== REQUIRED ACTION ==
Your reply must hold the lines from the one containing "К 2024 году" to the end of the entries, copied exactly, with pictures excluded.

== DATA EXCERPTS ==
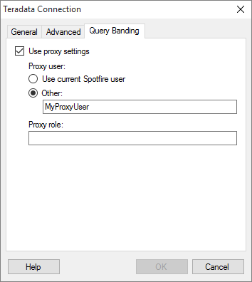 [This query band is only included if you select Use proxy settings.] The specified proxy role. |
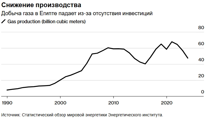 К 2024 году страна снова стала импортёром сжиженного природного газа. Общий объём добычи газа в Египте недавно упал ниже 4 миллиардов кубических футов в сутки, что произошло впервые с июля 2016 года.
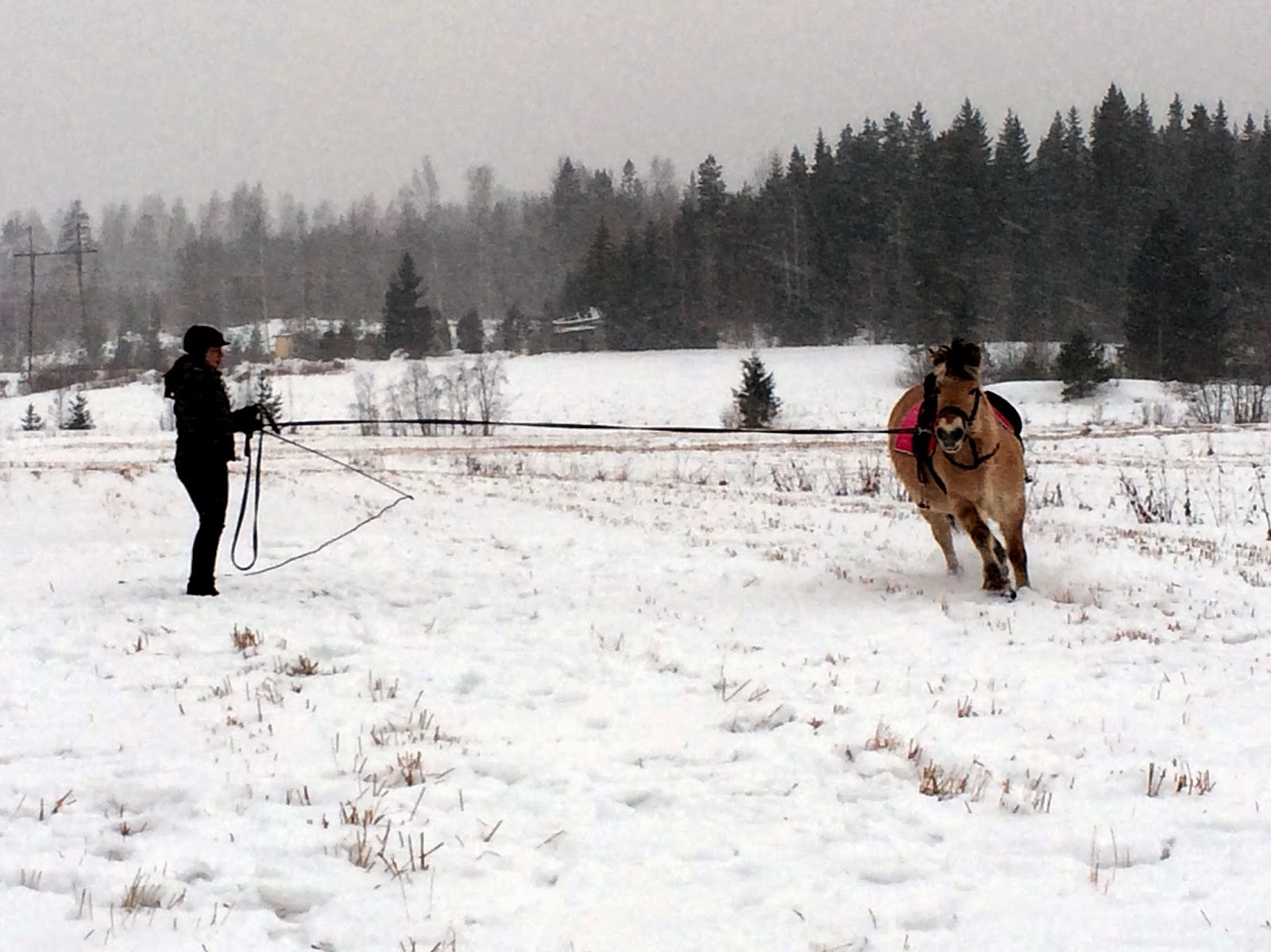 Muutamasta hölmöilystä huolimatta Iitu nosti laukan liinassa pyynnöstä.Ehdin kuvaamaan myös muutaman pätkän videolle. Valitettavasti ne "action" -pätkät jäi kuvaamatta, mutta kyllä Iitu tässäkin videossa vähän kokeilee ja tuijottelee kovasti "mammaa" kun seison vieressä kuvaamassa.
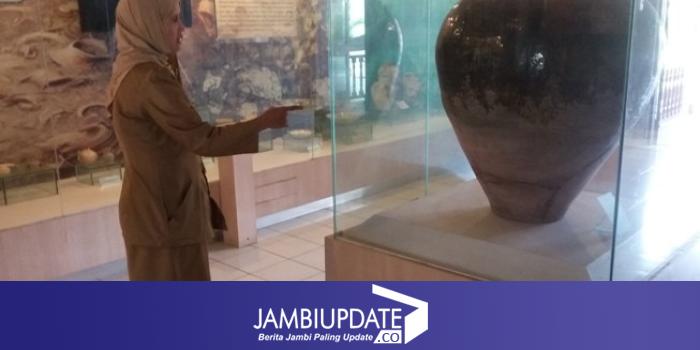 Tempayan berukuran raksasa itu disimpan khusus dalam kaca di Museum Jambi. Posisinya tepat berada di tengah keramik lainnya.
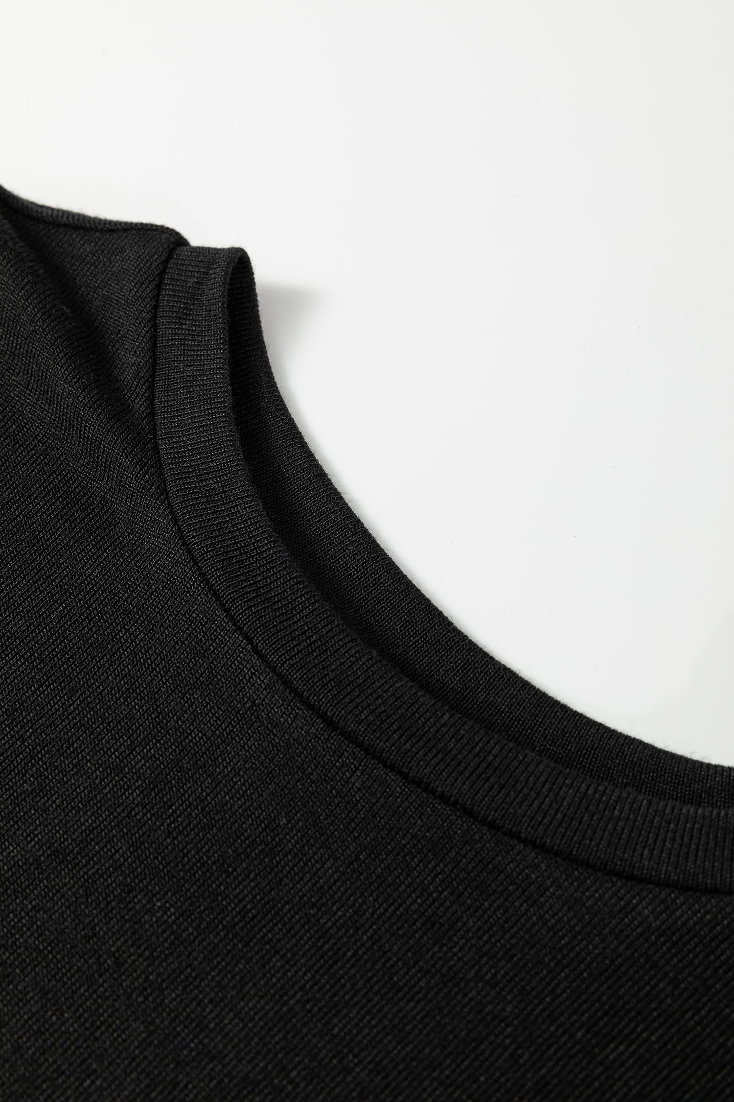 Sale Black Solid Color Seam Detail Raglan Long Sleeve Top

== TASK OUTPUT ==
 К 2024 году страна снова стала импортёром сжиженного природного газа. Общий объём добычи газа в Египте недавно упал ниже 4 миллиардов кубических футов в сутки, что произошло впервые с июля 2016 года.
 Muutamasta hölmöilystä huolimatta Iitu nosti laukan liinassa pyynnöstä.Ehdin kuvaamaan myös muutaman pätkän videolle. Valitettavasti ne "action" -pätkät jäi kuvaamatta, mutta kyllä Iitu tässäkin videossa vähän kokeilee ja tuijottelee kovasti "mammaa" kun seison vieressä kuvaamassa.
 Tempayan berukuran raksasa itu disimpan khusus dalam kaca di Museum Jambi. Posisinya tepat berada di tengah keramik lainnya.
 Sale Black Solid Color Seam Detail Raglan Long Sleeve Top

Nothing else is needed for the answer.